The production is robust enough to cope with such intensive exposure in the village and church halls of Yorkshire. The first half would have benefited from more sharpness and precision, but the irreverent, intelligent and disarmingly simple approach should do the business from Husthwaite to Helmsley, from Pocklington to Peebles (a rare away day!)
Nobby Dimon, North Country’s founding director, has adapted and directed a short story by the prolific, now barely remembered, Yorkshire author J.S. Fletcher which, with its spooky melodrama and character names like Mordechai Chiddock and Jezreel Cornish, seems to invite parody.
Sharkie, the one-eyed boatman, takes the new keeper, Mordechai Chiddock, to the lighthouse.

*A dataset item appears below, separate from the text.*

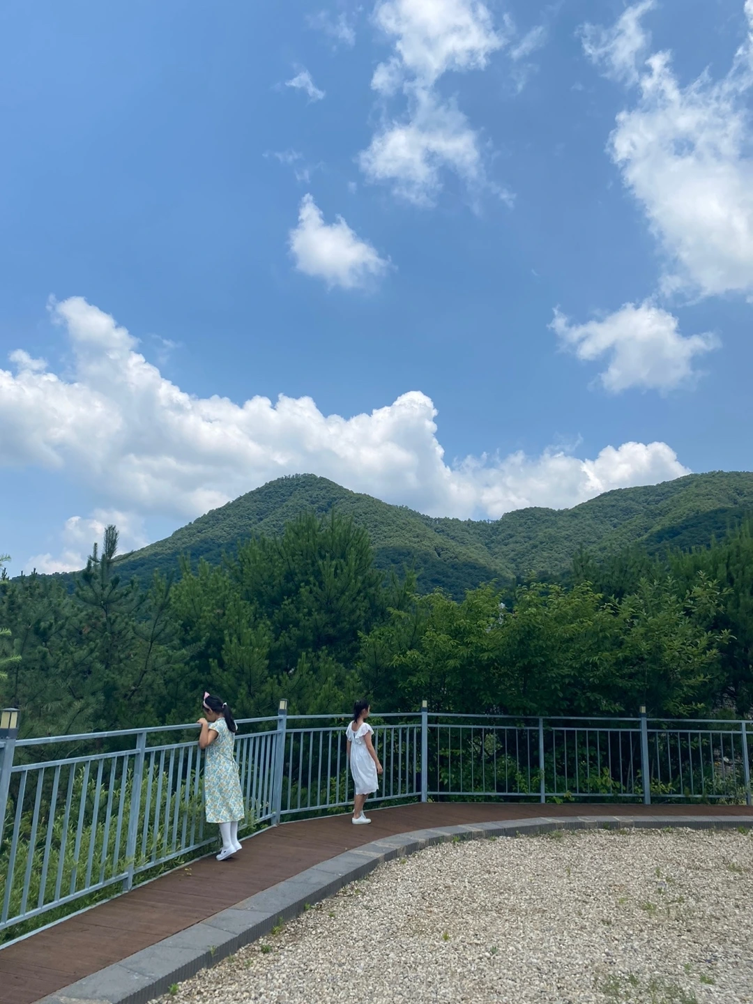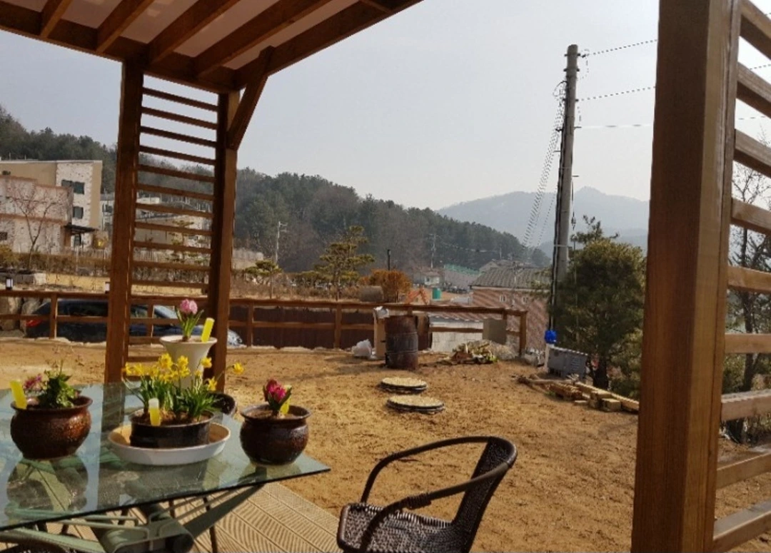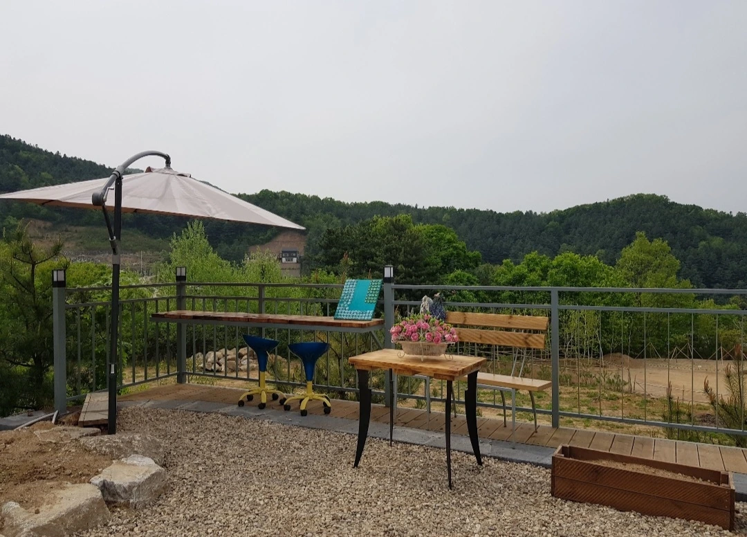 병태가 만들어 준 벤치에 앉아 수다를 떤다.

One of the other keepers, Jezreel Cornish, has taken up the post for a spot of rest and recuperation from his murderous pursuit of his sworn enemy – Mordechai Chinnock! A problem for the veteran lighthouse keeper, to keep them apart until the supply ship returns! But he has a secret of his own – and who is the mysterious swimmer – ghost, woman or selkie – who frequents the waters by the lighthouse?

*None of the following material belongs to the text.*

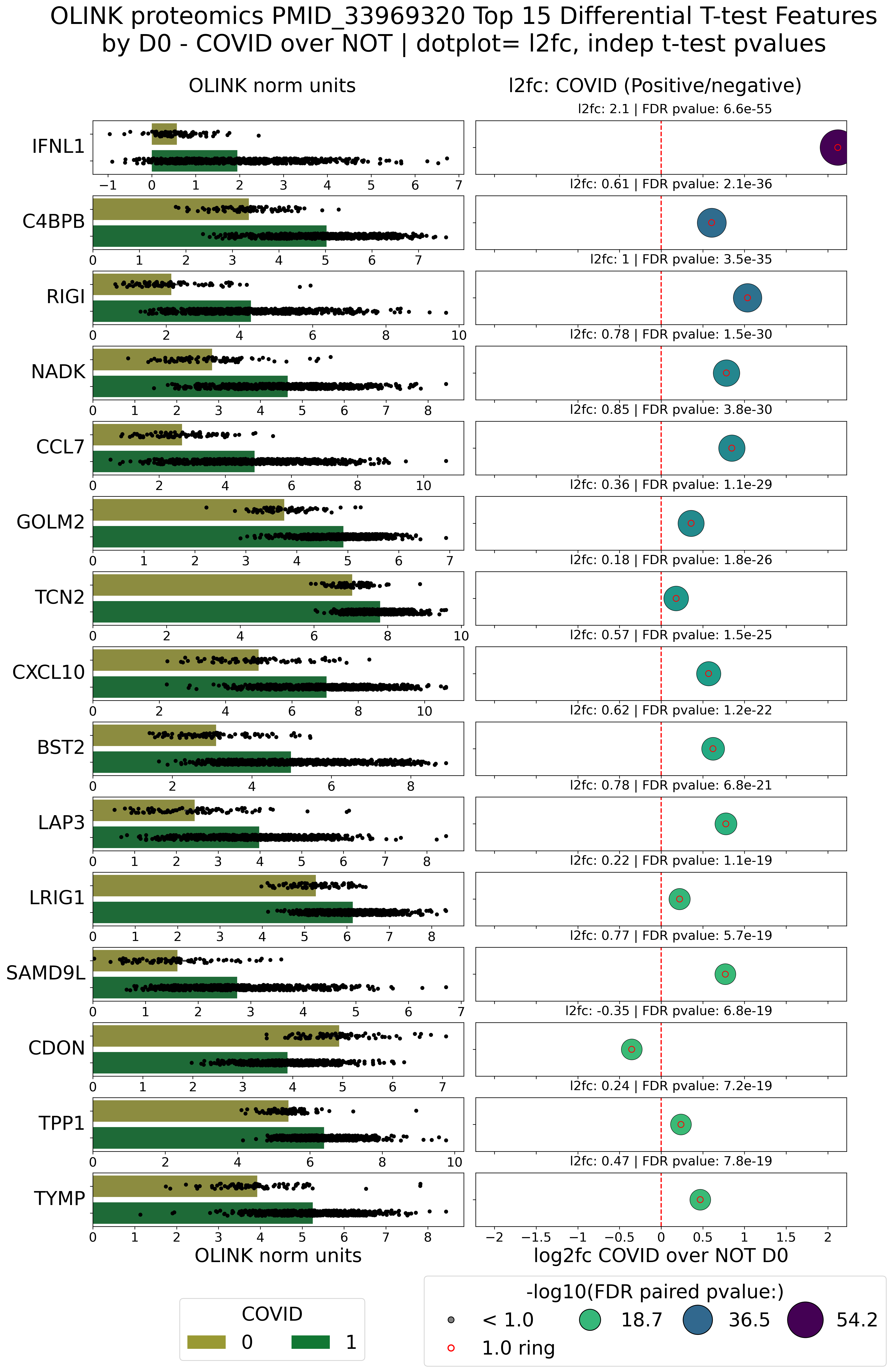 Combined bar and dotplot showing per-feature OLINK distributions alongside log2 fold-change with FDR-scaled dot sizes. Data from PMID 33969320.

The invention is strongest in the second half, with an inspired scene of the lighthouse keeper conducting Sunday service and Chinnock and Cornish intoning the responses from separate lock-ups, followed by a beautifully judged alternate narration of the two’s past before an increasingly puzzled keeper. The play never becomes quite as funny as I’d hoped, but in compensation ends with a series of genuine narrative shocks.

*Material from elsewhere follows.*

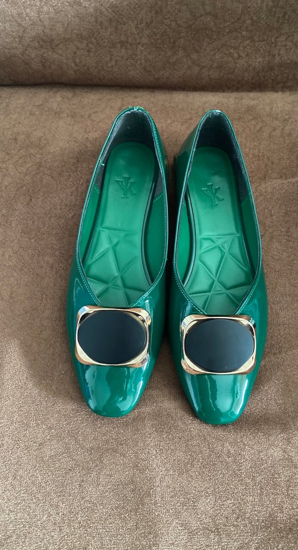 Yeşil Parlak Tokalı Kadın Düz Ayakkabı
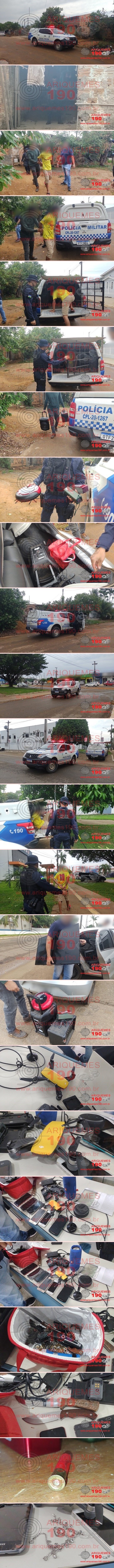Em um belíssimo trabalho do Núcleo de Inteligência da Polícia Militar, com a poio das demais guarnições em serviços, resultou na recuperação de objetos subtraídos mediante furto e na prisão de um indivíduo suspeito de estar receptar e comercializar os produtos de Roubo/Furto. O fato ocorreu na tarde desta segunda-feira, 27/09, por volta das 16h40m, quando a equipe do NI realizava investigação, onde foi constatado que nas redes sociais um homem estaria revendendo produtos de um furto, que ocorreu no dia 20/09/2021. Mediante as informações, a equipe do NI, juntamente com o poio de uma guarnição da PM, se deslocaram ao endereço localizado na 5ª Rua, Setor 10, em Ariquemes, onde o indivíduo estaria residindo e abrigando os produtos ilícitos. Ao chegarem à localidade, os policiais realizaram abordagem ao suspeito, que ao questioná-lo sobre os produtos a venda, o mesmo confessou que estaria com os objetos de um furto. Na ocasião do furto, os moradores de uma residência localizada na Rua Carimbó, Bairro Jorge Teixeira, em Ariquemes, haviam se ausentado da moradia em um fim de semana, momento que ao retornar para sua casa, se deparam com o portão fora do trilho, a janela arrombada e o interior da morada toda revidada. Ao verificar seus bens, os moradores puderam notar que faltavam alguns objetos, sendo eles: uma motoneta marca Honda, modelo Biz 125, cor branca, um televisor marca AOC, de 52 polegadas, um notebook marca ASUS, cor prata e preto, um relógio marca Chilly Beans, cor prata, um drone marca DJI, cor amarelo e preto, um aparelho celular marca Xiaomi, cor preto, três semijoias e dois cartões de débito. Ao realizarem a revista na moradia do suspeito, os PMs encontraram uma Smart TV AOC, de 52 polegadas, onde o individuo afirmou ser objeto do furto e que estaria com um notebook, sendo que seu irmão havia levado para a casa de sua genitora, para que o aparelho pudesse ser carregado. De imediato os policiais, juntamente do suspeito, se deslocaram para a residência onde estaria o notebook, com a finalidade de recuperar o objeto furtado. Ao chegarem no local, os policiais tiveram a autorização da genitora do suspeito, para que pudessem realizar busca em sua casa. Ao realizar revista no interior da residência, os policiais não tiveram êxito ao encontrar o notebook, entretanto, foi identificado um Drone Amarelo e Preto, marca DJI, o qual também havia sido furtado no mesmo local. Além desses objetos, foi encontrado também um Cartucho intacto calibre .32. Após concluir a busca na residência da mãe do suspeito, os PMs junto do individuo retornaram para a casa onde o mesmo residia, local que os policiais encontraram uma gargantilha prateada adornada com pedrinhas, sendo que o suspeito afirmou que este objeto também estava relacionado ao furto em questão. Na casa também foram encontrados diversos objetos sem nota fiscal, de procedência duvidosa, sendo eles: seis aparelhos celulares; um Iphone, quatro Samsung e um Motorola, junto de três facas de caça, uma lanterna de cor azul, uma máquina de cortar cabelo, um barbeador elétrico, um HD externo, dois relógios das marcas Dumont e Champiom, quatro caixas de som, sendo elas das marcas; JBL, Music, Transcend e Amazon e um robô de limpeza da marca Multilaser. Foram encontrados também uma chave de uma motoneta marca Honda, modelo Biz, duas caixas amplificadas da marcas Sumay e Oneal, dois pendrives, um cartão de memória e variadas joias. Mediante as informações coletadas pelos policiais, o suspeito de Receptação foi encaminhado para a Unidade de Segurança Pública (UNISP), onde ficou a disposição do Delegado de plantão, para o registro do Boletim de Ocorrência Policial, e posterior tomada de medidas cabíveis. Os bens também foram apresentados para a autoridade plantonista e ficaram a disposição para a retirada à seus proprietários.

Simon Kirk (Cornish) and Mark Cronfield (Chiddock) are a well-matched pair of adversaries, with Kirk making the most of his opportunities for comic melodrama, combining Sharkie, the helmsman with a taste for tales of horror, with the swivel-eyed murderer of Chiddock’s account and his self-image as a rather pleasant young chap. Vivienne Garnett is similarly versatile: mysterious mermaid, boldly independent keeper’s wife and assorted angels and whores. Nobby Dimon, amusingly fussy as the keeper obsessed with routine and duty, is totally unfussy in his direction. The set – probably the most ingenious ever to appear in Marton cum Grafton Village Hall – is a triumph for Richard Foxton who was called in through illness at very short notice.